I wish I had had longer than one day in the windswept Orkney Islands, north of Scotland.The day I did have was halcyon and perfect. We were chasing deep time—standing stones, Skara Brae and more recent time—the Churchill Barriers, and the beautiful Italian Chapel but for somewhere so steeped in time, I needed more of it to peel back the layers of history.
We’re taught that the Viking Age ended in 1066, when Harald Hardråde fell at Stamford Bridge. But if you look to the Orkneys, history tells a different story.
The Norse came to Orkney in the late 700s — maybe even before the infamous raid on Lindisfarne in 793. The best preserved samples of runes are their grafitti in Mae’s Howe. These islands became a vital Viking outpost: a launchpad for raids, a safe harbour for ships, and eventually, a full-blown Norse earldom under the rule of Harald Hårfagre himself.

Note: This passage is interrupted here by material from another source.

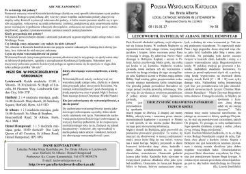ABY NIE ZAPOMNIEĆ! Po co istnieją dni pokuty? Ponieważ wszyscy wierni Kościoła katolickiego (każdy na swój sposób) obowiązani są na podstawie prawa Bożego czynić pokutę, aby wszyscy przez wspólne zachowanie pokuty złączyli się między sobą, Kościół wyznaczył nakazane dni pokuty, w które wierni powinni modlić się w sposób szczególny, wykonywać uczynki pobożności i miłości, podejmować akty umartwienia siebie przez wierniejsze wypełnianie własnych obowiązków, zwłaszcza zaś zachowywać post i wstrzemięźliwość, zgodnie z postanowieniami zamieszczonych poniżej kanonów. Kiedy przypadają dni pokuty? W Kościele powszechnym dniami i okresami pokutnymi są poszczególne piątki całego roku i czas Wielkiego Postu. Czy istnieją czasy zakazane i czy należy do nich Adwent? Nie, obecnie w Kościele katolickim nie ma pojęcia czasów zakazanych. Istnieją dni i okresy pokuty, lecz Adwent do nich nie jest zaliczany. Czym się różni wstrzemięźliwość od postu? Wstrzemięźliwość (nazywana potocznie postem jakościowym) to rezygnacja ze spożywania mięsa lub innych pokarmów, zgodnie z zarządzeniem Konferencji Episkopatu. Natomiast post (nazywany potocznie postem ilościowym) polega na ograniczeniu się do spożycia w ciągu dnia tylko jednego posiłku "do syta". MSZE ŚW. W POSZCZEGÓLNYCH Kiedy obowiązuje wstrzemięźliwość, a kiedy post? OŚRODKACH: Letchworth: Każda niedziela- 13.00. i Wtorek- 18.30 (kościół- St Hugh of Lincoln, 84 Pixmore Way, Letchworth Garden City, SG6 3TP Hatfield: 2 i 4 niedziela miesiąca, godz. 16.00 (kościół- Marychurch, 26 Salisbury Square, Hatfield, Herts, AL9 5JD St Albans: 1 i 3 niedziela miesiąca, godz. 16.00 (kościół- Ss Alban & Stephen, Beaconsfield Road, St Albans, Herts, AL1 3RB Hemel Hempstead: 1 i 3 niedziela miesiąca, godz. 18.00 (kościół- Our Lady Queen of all Creation, St Albans Road, Hemel Hempstead, HP3 8PG Wstrzemięźliwość należy zachowywać we wszystkie piątki całego roku, chyba że w danym dniu przypada jakaś uroczystość kościelna. Natomiast wstrzemięźliwość i post obowiązują w środę popielcową oraz w piątek Męki i Śmierci Pana naszego Jezusa Chrystusa (Wielki Piątek). Kto jest zobowiązany do wstrzemięźliwości, a kto do postu? Do zachowania wstrzemięźliwości (postu jakościowego) zobowiązane są osoby, które ukończyły czternasty rok życia. Natomiast do zachowania postu (postu ilościowego) zobowiązani są wszyscy katolicy pełnoletni, aż do rozpoczęcia sześćdziesiątego roku życia. Zachęca się jednak duszpasterzy i rodziców, aby wprowadzali w ducha pokuty także dzieci i młodzież, których nie obowiązuje wstrzemięźliwość i post. DANE KONTAKTOWE Lokalna Polska Misja Katolicka pw. Św. Brata Alberta w Letchworth oraz: Hatfield, St Albans i Hemel Hempstead Proboszcz: Ks. Cezary Komosiński, Tel: 07519059276 E-mail: [email protected] http://www.parafia-letchworth-albert.co.uk/ POLSKA WSPÓLNOTA KATOLICKA św. Brata Alberta LOCAL CATHOLIC MISSION IN LETCHWORTH Registered Charity No 1119423 08 i 15.01.17 Nr 38 LETCHWORTH, HATFIELD, ST ALBANS, HEMEL HEMPSTEAD Dziś Kościół obchodzi epifanię, czyli objawie- łych, a dodany do wina wzmacniał je. Taki nanie się Jezusa światu. W osobach Mędrców są pój podawano skazańcom. To zapowiedź męki reprezentowane ludy całego świata, wszystkich Pana i Jego pogrzebu. Jezus otrzymał więc złojęzyków i krajów, które wezwane przez Pana to jako król, kadzidło jako Bóg i mirrę jako wyruszają w drogę, by adorować Nowo Naro- człowiek. Na pamiątkę tych darów zaczęto dzonego w Betlejem. Kapłani i uczeni w Pi- święcić w kościele złoto, kadzidło i mirrę, a z śmie, którzy przebywają blisko groty, nie robią czasem wprowadzono także błogosławieństwo ani kroku w jej kierunku. Mędrców wiedzie kredy. W polskiej tradycji po powrocie z kogwiazda, która zachęca ich do wyruszenia i ścioła, kadzidłem okadzano domostwa, by oświetla im drogę wiodącą do tego szczególne- ustrzec je przed wpływami złych sił, a poświęgo celu. Kapłani i uczeni w Piśmie znają dobrze coną kredą wypisywano na drzwiach domu Biblię. Stąd wiedzą, gdzie przepowiednie wska- inicjały trzech Króli [C + M + B] oraz cyfry zywały miejsce narodzenia króla izraelskiego. danego roku. Najbardziej trafną interpretacją Nie potrafią jednak powiedzieć Herodowi ni- tych liter jest potraktowanie ich jako chrześciczego ponad zwykłą prorocką informację. Ma- jańskich noworocznych życzeń: Christus Manmy więc do czynienia ze swoistym paradoksem. sionem Benedicat – Niech Chrystus błogosławi Z jednej strony widzimy więc tajemniczą temu domowi. Ewangelia uściśla, że Mędrcy po gwiazdę, spotkaniu z JezuUROCZYSTOŚĆ OBJAWIENIA PAŃSKIEGO sem „Inną drogą która jest przewodniczudali się do swojej TRZECH KRÓLI ką spotkania ojczyzny”. Taka trzech pogan ze Zbawcą. Z drugiej zaś mamy zmiana trasy może oznaczać nawrócenie, do Biblię, odczytywaną i nauczaną przez starote- jakiego są wezwani ci, którzy spotkają Chrystustamentalnych kapłanów i uczonych w Piśmie sa, by stać się prawdziwymi czcicielami, jakich w taki sposób, iż nie można podać Herodowi On pragnie. To pociąga za sobą naśladowanie niczego poza niewyraźną informacją. Jego sposobu działania, czyniąc z siebie „ofiarę Mędrcy dotarli do Betlejem, gdyż pozwolili się żywą, świętą, Bogu przyjemną”. posłusznie prowadzić gwieździe. To ważne, by Kard. Joachim Meisner podkreśla, że to, co Bóg nauczyć się obserwować w naszej codzienności w noc Bożego Narodzenia szeptał do ucha, Epiznaki, przez które Bóg do nas mówi, wzywa fania chce głosić z dachów świata. Stajnia z nas i nami kieruje. Mędrcy przynieśli w darze Betlejem nie jest kościelnym terenem prywatJezusowi królewskie dary: złoto, kadzidło i nym i dzisiaj została określona jako dobro mirrę. Złoto symbolizow

And while Europe moved on, Orkney didn’t, it seems. Norse earls ruled here for centuries. The people spoke Old Norse. They carved runes, followed Norse law, and passed down stories that became the Orkneyinga Saga — one of the most dramatic and bloody sagas of them all.
Even as the medieval kingdoms rose and fell, Orkney remained culturally Norse — well into the 1200s. They built the magnificent St Magnus Cathedral in Kirkwall, which we very briefly perused. In fact, it wasn’t until 1472 that Orkney was officially handed over to Scotland.
So technically?
Yes — you could stretch the Viking Age in Orkney from the 700s to the late 1400s.
In Orkney, the Viking world didn’t vanish.
It faded — slowly, stubbornly — into stone, wind, and saga.